At some point, the drug importing firm of E. Fougera and Co. began serving as the United States agent for Roche’s Embrocation. This Fougera advertisement, aimed at druggists and published in the December, 1896 Druggist Circular and Chemical Gazette touted a “full assortment of imported French and English Pharmaceutical Specialties,” Roche’s Embrocation among them (bottom right).
E. Fougera & Co. was established in 1849, so it’s possible that their relationship with the Edward’s business extended back that far. That being said, I can’t find any evidence connecting the two firms until this December, 1889 Harpers Bazaar advertisement.
Coupled with the fact that up through the mid-1880’s U.S. advertisements for Roche’s were few and far between suggests that the 1880’s was closer to the start of their relationship.
Always located in Manhattan, Fougera was listed in the New York City directories at 26 to 30 North William Street until 1905 when they moved to 90 Beekman Street.
Later they would move again, this time to 75 Varick Street.
By the late 1920’s and early 1930’s Fougera’s advertising of Roche’s Embrocation had dropped off considerably and by the late 1930’s the article was no longer referenced in the newspapers. Its disappearance was surely related to a 1938 cease and desist order by the Federal Trade Commission that struck at the heart of their advertising.
E. Fougera & Co., Inc., a corporation, 75 Varick Street, New York City, vendor-advertiser, was engaged in selling a medicinal preparation designated Roche’s Embrocation and agreed in soliciting the sale of and selling said product in interstate commerce to cease and desist from representing it directly or otherwise:
a) That Roche’s Embrocation constitutes a competent treatment or an effective remedy for: 1. Croup, 2. Bronchitis, 3. Heavy chest colds, 4. Whooping cough, 5. Difficulty in breathing or 6. Fits of coughing
b) That it prevents choking, breaks up the true cause of any of the above conditions, or loosens phlegm fixed in the chest and stomach. (July 8, 1938)

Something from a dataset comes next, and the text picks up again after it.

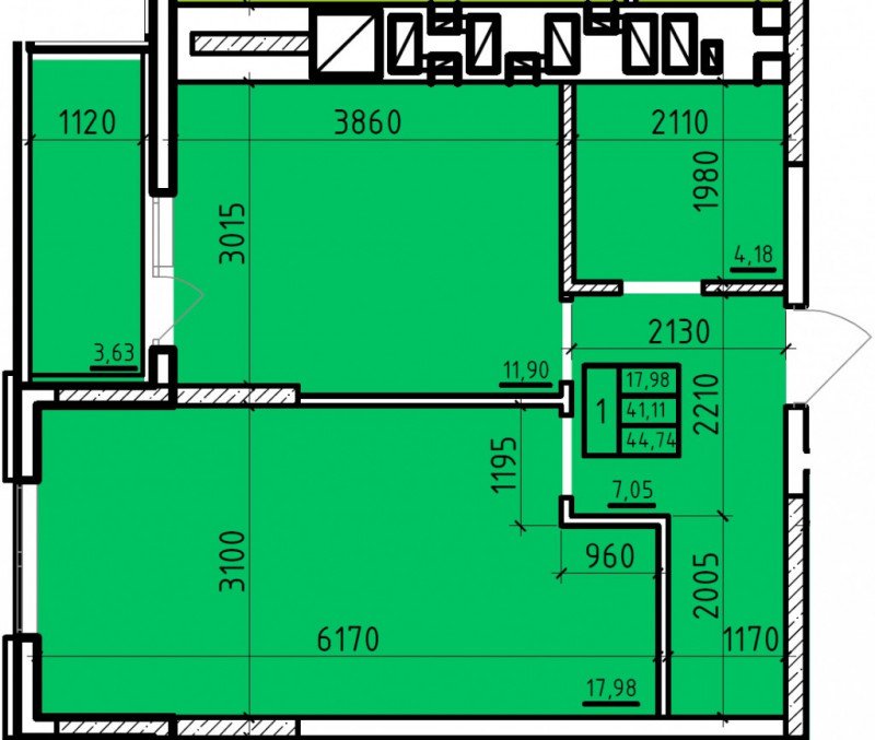 Общая площадь: 44.74м2

The bottle I found is mouth blown, with a one inch square cross section and approximately five inches tall. It contains embossing on all four sides and appears to exactly match the example found in the following 1920 advertisement, although mouth blown, it likely dates somewhat earlier.
On a final note….Is it spelled “Whooping” or “Hooping” Cough?
At first I thought that the word “Hooping,” embossed on the bottle was a typographical error and should have been spelled “Whooping” Cough. However, several turn of the century dictionaries (The Century Dictionary – An Encyclopedic Lexicon of the English Language, 1895 and 1914) indicate that both “Whooping,” and “Hooping” were acceptable spellings at that time. By the mid-20th century, Webster’s Collegiate Dictionary, (Fifth Edition), makes no mention of the “Hooping” alternative.